В эту ночь она слегла в тифу, провалилась в горячий бред. Она пролежала семь недель, и, когда наконец встала, в городе уже распоряжались красные, а госпиталь был раскассирован.
Скоро слуха ее коснулось страшное известие о варварской расправе над ранеными офицерами. Уверяли, что в живых будто бы не осталось ни одного человека, называли имена предателей, которые выдавали фамилии и чины офицеров.
Елочка была потрясена; при одной мысли, что его постигла та же участь, охватывала дрожь… Убить безоружного, убить раненого, который не может защищаться, убить слабого, измученного, убить… Лучше было не думать, но мысль ее словно в заколдованном кругу возвращалась все к тому же: ведь ему только что стало лучше, только что стал яснее его взгляд, он в первый раз приподнялся, не меняясь в лице от боли…
Выздоровление после тифа осталось в ее памяти как самый тяжелый период в жизни: сразу две потери — любимый человек и последний оплот Родины! Тогда было навсегда смято в ней что-то свежее, благоухающее. Как будто в один миг расцвела и тотчас поблекла ее юность.
Исхудалая, вялая, апатичная, она целыми часами неподвижно сидела в кресле, без слов, без мысли.
— После, — отвечала она, когда ухаживавшая за ней тетка уговаривала поесть или выйти на воздух. — Не хочется, тетя, после!
Когда она немного окрепла, дядя и тетка увезли ее в Петербург. Она не представляла себе, как вернется к жизни, и не видела ни цели, ни смысла, Но жить надо было и, прежде всего, надо было содержать себя. Бабушки уже не было в живых, а имение и деньги, положенные в банк на ее имя, национализированы. Все тот же дядя, теперь уже снявший погоны, устроил ее под своим начальством в одной из петербургских клиник. И она начала работать… Уже без воодушевления, без интереса, и без креста на груди!
Понемногу она привыкла к своей работе и приобрела все профессиональные навыки.
Внешне она казалась уже вполне спокойной и уравновешенной, но всякий раз, когда ей приходила на память судьба раненых в феодосийском госпитале, она менялась в лице, у нее судорожно подергивались губы, и она подносила руки к голове, как будто защищаясь от удара.
А люди пытались приспосабливаться. Классная подруга — смолянка Марочка Львова — попробовала однажды уверить Елочку, что своими глазами видела, как белый офицер бил по щекам раненого красноармейца на улицах Харькова. Она уверяла также, что знает семью, в которой дочь была изнасилована белыми офицерами. Елочка прекратила дружбу с Марочкой.

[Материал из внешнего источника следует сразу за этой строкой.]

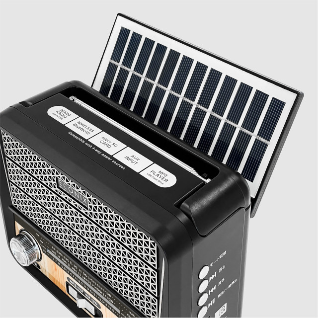 ECONIX LEDライト付ポータブルマルチラジオプレーヤー RL-70232【トレードワン ラジオ ワイヤレススピーカー MP3 ライト ソーラーパネル コンセント 乾電池 内蔵充電池 USB給電 Bluetooth マイクロSD キャンプ アウトドア 防災 災害 母の日 父の日 クリスマス xmas】

Она знала, что больше уже никого не полюбит. Да, ее роман был мимолетный и печальный, зато герой был настоящий! Это не то, что у Марочки, вышедшей за матроса с «Авроры», или у Нади Хмельницкой, муж которой, еврей, заведовал складом… Нет! Ее герой — наследник древнего имени, русский офицер-гвардеец, из тех, которые умирают, но не сдаются! Он защищал Родину сначала от немцев, потом от большевиков, это был Георгиевский кавалер, командир «роты смерти», аристократ, белый офицер! В нем было все, что могло понравиться ей в мужчине. На кого же теперь она могла обратить свой взор?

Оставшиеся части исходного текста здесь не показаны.